Baby Steps

(Taken from the excellent movie, What About Bob?)

This tutorial is intended to walk you through writing your own very simple operating system in assembly. I originally found the basis of this tutorial on the OSDev wiki, but it didn’t have any explanation to what was going on or why, so I decided to make this tutorial. We’ll go over the basics of the booting process and what tools you’ll need to operate.

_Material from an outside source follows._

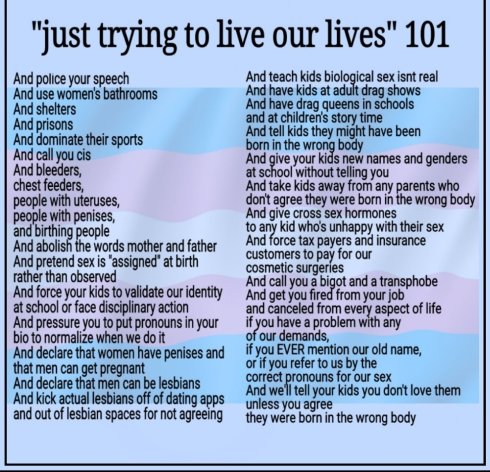 Mostly everyone in western democratic societies are free to reasonably live their lives – within the confines of what is currently acceptable in society. In this case, currently transpeople have *every* right afforded to other people that inhabit Canadian and American society. What transactivists and other parts of the activist Left don’t say is that they wish to radically alter society’s rules around *their* vision of the future (which,in my opinion, is mostly utopian dogshit).

Most popular operating systems like OSX, Linux, or Windows contain drivers and provide interfaces to the hardware, ensure a certain level of safety and security, keep the processes from fighting each other, and provide essential libraries for programs to use the computer. However, ours won’t be nearly as complicated. :) By the end of this tutorial, you should have an operating system that prints a message to the screen!

I attempted to explain everything as simple as possible, but if I made any errors or you’d like to suggest changes to my article, feel free to make an issue on Github or email me.

The source code is also available in this Github repository.

Table of Contents
Requirements
The Booting Process
Finally, Some Code
Shortening the Build Process
Printing to the Screen
What is a segment?
Back to Our Code
Exercises
Further Reading

Requirements

This tutorial assumes that you already have a Debian-based Linux installation. However, the main part that shouldn’t change much between other Linux distributions except for the method of installing. If you don’t you can still follow along by installing Ubuntu in a virtual machine or by using Michali Sarris’s comment to use Docker Toolbox.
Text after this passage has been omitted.